**** GIVEN RECORDS ****

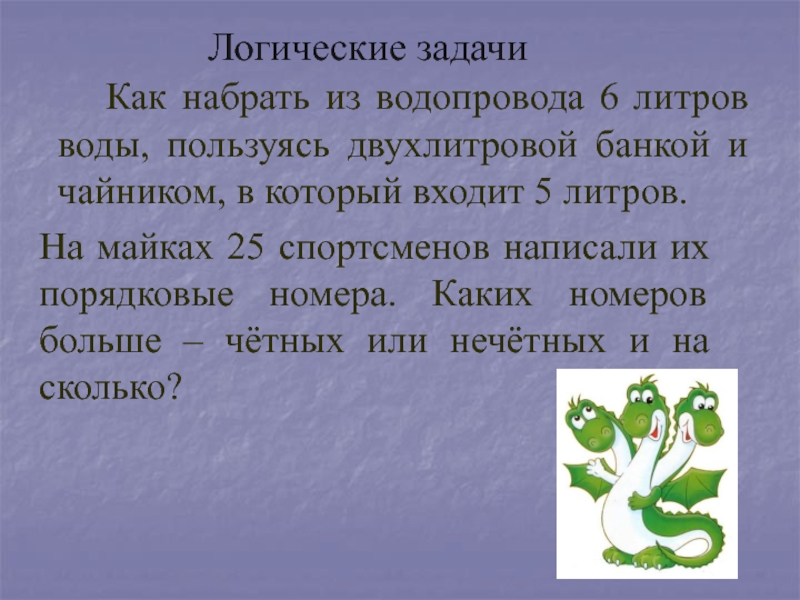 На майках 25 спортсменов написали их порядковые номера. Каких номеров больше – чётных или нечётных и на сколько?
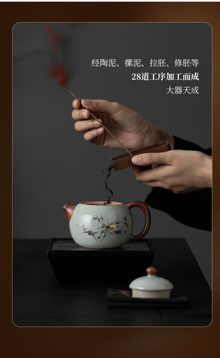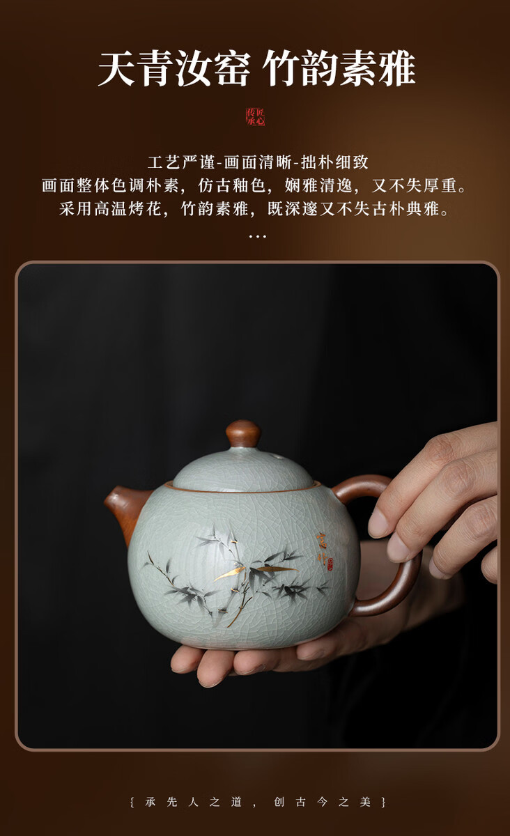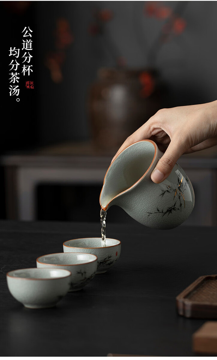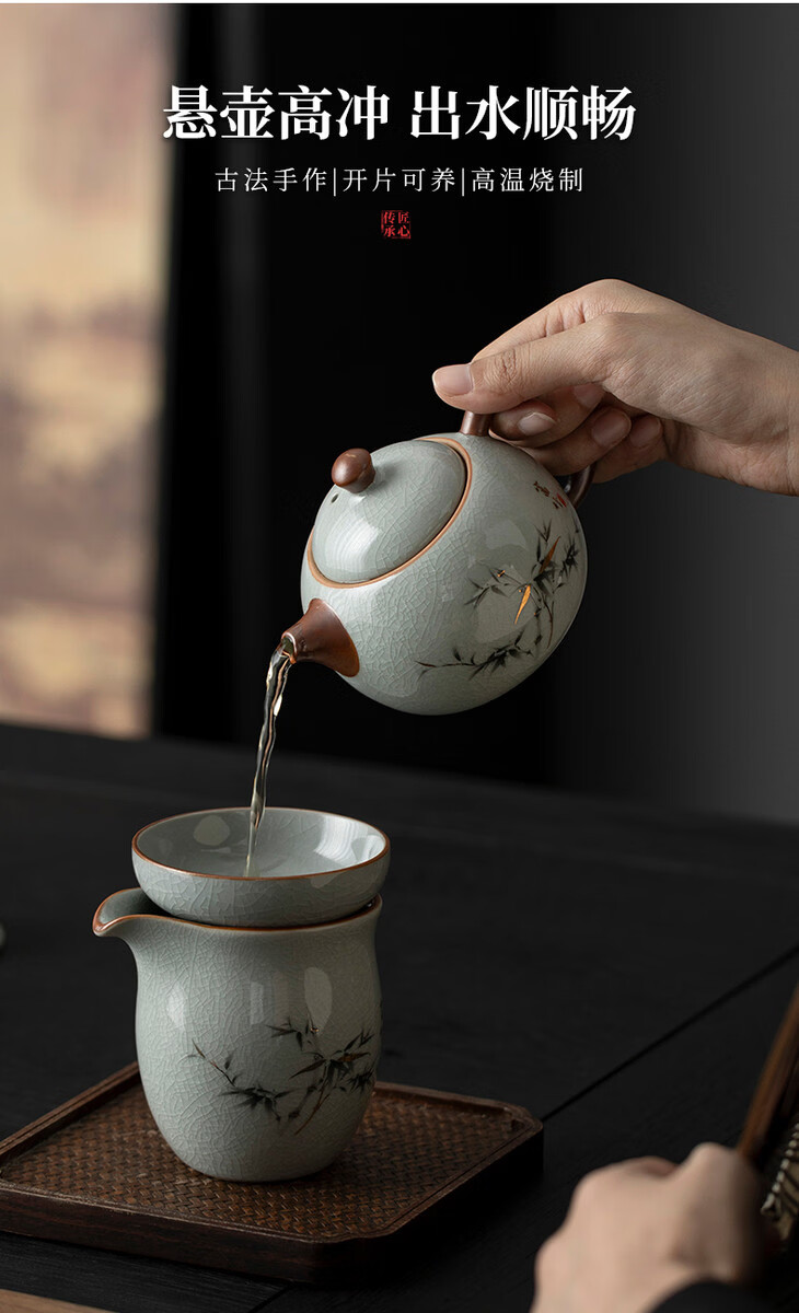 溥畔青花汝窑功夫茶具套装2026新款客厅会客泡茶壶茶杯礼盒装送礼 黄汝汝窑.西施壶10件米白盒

****
**** GIVEN RECORDS ****

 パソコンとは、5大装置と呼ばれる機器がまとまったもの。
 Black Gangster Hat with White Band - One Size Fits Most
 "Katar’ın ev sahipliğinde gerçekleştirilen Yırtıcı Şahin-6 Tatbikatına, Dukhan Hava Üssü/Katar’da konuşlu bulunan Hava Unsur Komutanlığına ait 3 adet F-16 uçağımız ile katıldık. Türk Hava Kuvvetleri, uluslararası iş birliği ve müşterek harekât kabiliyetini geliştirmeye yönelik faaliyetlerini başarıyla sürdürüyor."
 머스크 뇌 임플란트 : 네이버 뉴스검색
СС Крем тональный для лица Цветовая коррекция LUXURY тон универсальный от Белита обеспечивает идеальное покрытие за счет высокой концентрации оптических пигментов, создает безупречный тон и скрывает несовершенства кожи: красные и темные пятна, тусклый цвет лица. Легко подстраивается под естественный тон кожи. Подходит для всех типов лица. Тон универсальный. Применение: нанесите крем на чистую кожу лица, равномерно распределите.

****

--- PROBLEM DETAILS ---
Looking at the records above, return exactly the lines from the line with "Black Gangster Hat" to the line with "СС Крем тональный", both ends included.

--- ANSWER SPACE ---
 Black Gangster Hat with White Band - One Size Fits Most
 "Katar’ın ev sahipliğinde gerçekleştirilen Yırtıcı Şahin-6 Tatbikatına, Dukhan Hava Üssü/Katar’da konuşlu bulunan Hava Unsur Komutanlığına ait 3 adet F-16 uçağımız ile katıldık. Türk Hava Kuvvetleri, uluslararası iş birliği ve müşterek harekât kabiliyetini geliştirmeye yönelik faaliyetlerini başarıyla sürdürüyor."
 머스크 뇌 임플란트 : 네이버 뉴스검색
СС Крем тональный для лица Цветовая коррекция LUXURY тон универсальный от Белита обеспечивает идеальное покрытие за счет высокой концентрации оптических пигментов, создает безупречный тон и скрывает несовершенства кожи: красные и темные пятна, тусклый цвет лица. Легко подстраивается под естественный тон кожи. Подходит для всех типов лица. Тон универсальный. Применение: нанесите крем на чистую кожу лица, равномерно распределите.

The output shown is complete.